■ TASK PROMPT
Look below for the line that contains "Botella de vidrio" and the line that contains "Để tạo sự sinh", then restate both of them and every line in between, exactly. No picture goes in the copy.

■ DATASET
------------------------------------------------
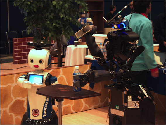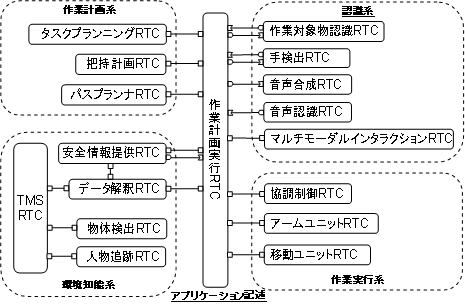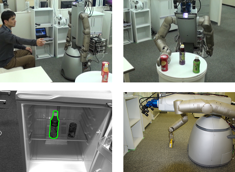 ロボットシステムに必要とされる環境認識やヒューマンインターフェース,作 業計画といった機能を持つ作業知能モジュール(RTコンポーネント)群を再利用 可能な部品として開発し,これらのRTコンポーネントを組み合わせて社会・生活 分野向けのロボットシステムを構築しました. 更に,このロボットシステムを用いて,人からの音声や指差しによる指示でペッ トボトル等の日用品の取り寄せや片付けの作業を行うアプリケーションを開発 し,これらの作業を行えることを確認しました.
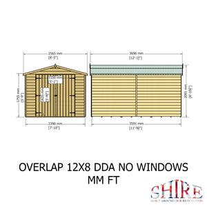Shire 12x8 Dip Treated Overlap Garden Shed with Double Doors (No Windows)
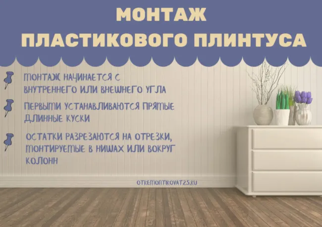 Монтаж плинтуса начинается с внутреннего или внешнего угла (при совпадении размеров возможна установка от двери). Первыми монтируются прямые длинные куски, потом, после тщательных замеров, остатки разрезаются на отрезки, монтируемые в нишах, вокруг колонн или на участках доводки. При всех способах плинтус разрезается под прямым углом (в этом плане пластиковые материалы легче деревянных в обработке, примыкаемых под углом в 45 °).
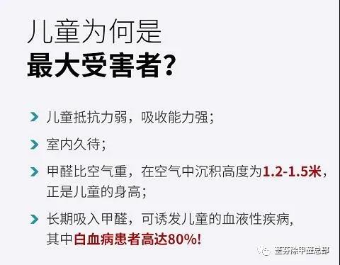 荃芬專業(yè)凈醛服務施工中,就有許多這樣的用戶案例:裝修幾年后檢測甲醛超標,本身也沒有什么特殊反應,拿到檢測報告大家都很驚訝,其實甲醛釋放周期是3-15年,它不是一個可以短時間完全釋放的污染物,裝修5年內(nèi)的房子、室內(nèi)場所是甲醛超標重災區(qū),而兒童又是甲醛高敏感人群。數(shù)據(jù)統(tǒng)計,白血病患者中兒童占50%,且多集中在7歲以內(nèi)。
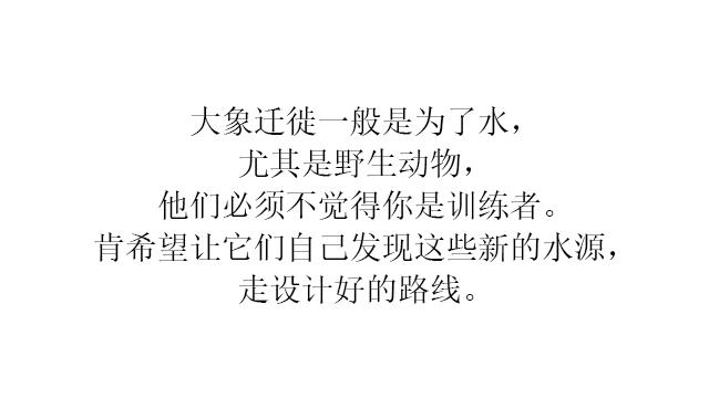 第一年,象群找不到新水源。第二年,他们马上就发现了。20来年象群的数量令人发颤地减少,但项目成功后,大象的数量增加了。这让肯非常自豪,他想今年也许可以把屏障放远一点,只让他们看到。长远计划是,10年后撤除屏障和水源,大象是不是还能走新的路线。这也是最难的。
------------------------------------------------
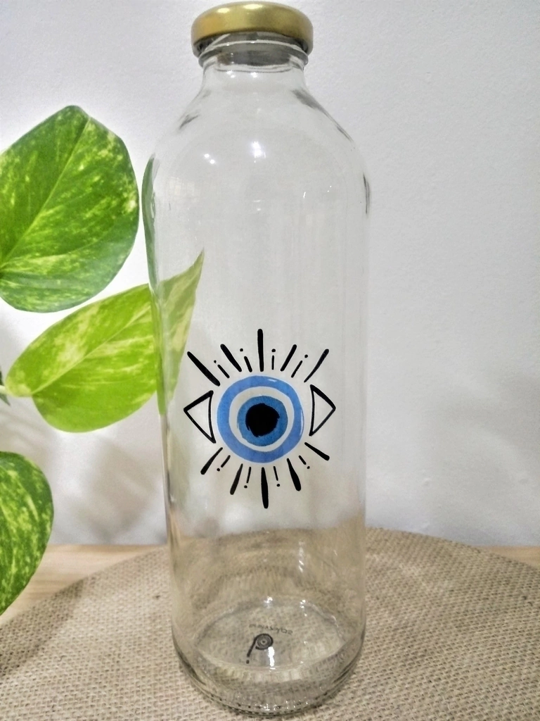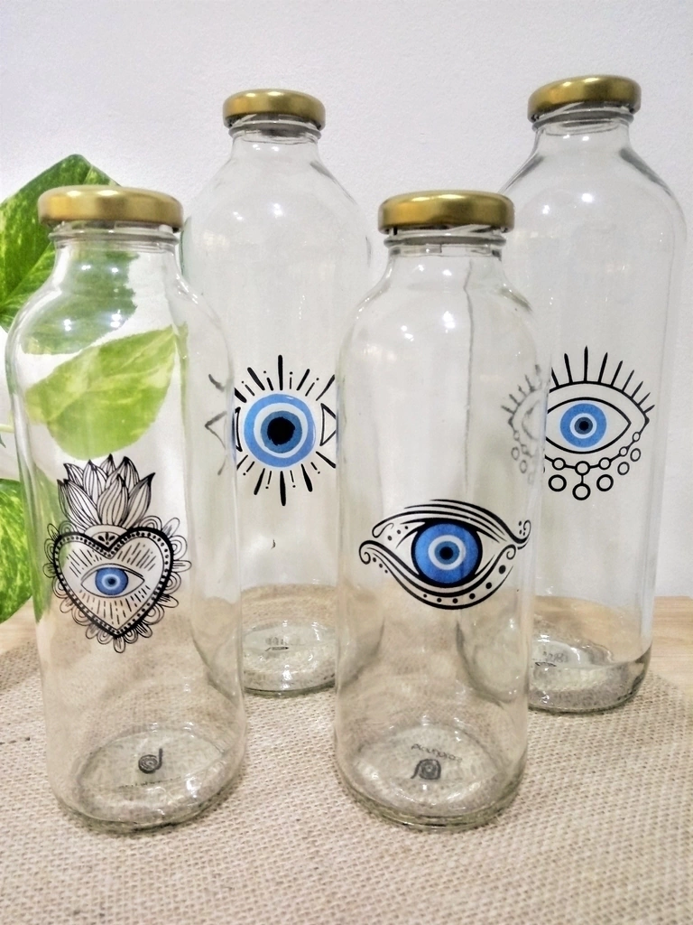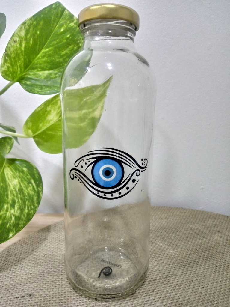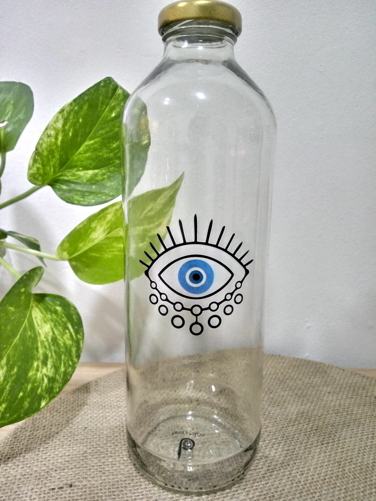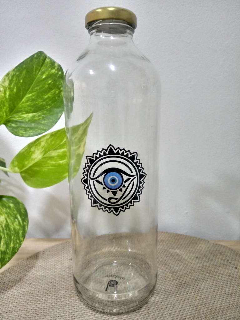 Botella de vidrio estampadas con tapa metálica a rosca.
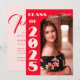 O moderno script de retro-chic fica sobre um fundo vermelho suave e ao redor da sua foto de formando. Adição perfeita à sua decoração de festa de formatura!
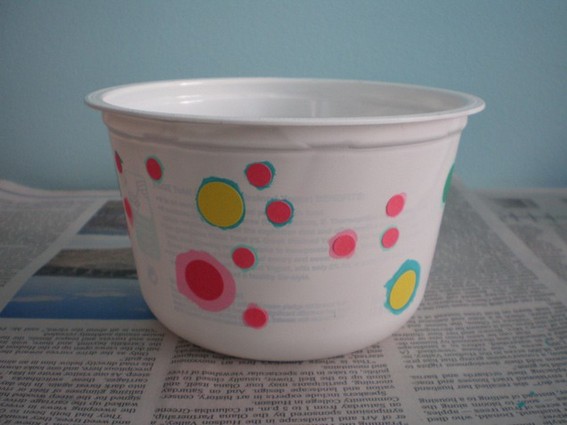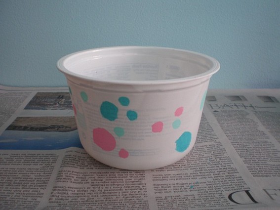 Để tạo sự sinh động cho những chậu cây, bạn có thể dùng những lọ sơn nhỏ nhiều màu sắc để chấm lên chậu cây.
------------------------------------------------
■ EXERCISE RESULT
 Botella de vidrio estampadas con tapa metálica a rosca.
 O moderno script de retro-chic fica sobre um fundo vermelho suave e ao redor da sua foto de formando. Adição perfeita à sua decoração de festa de formatura!
 Để tạo sự sinh động cho những chậu cây, bạn có thể dùng những lọ sơn nhỏ nhiều màu sắc để chấm lên chậu cây.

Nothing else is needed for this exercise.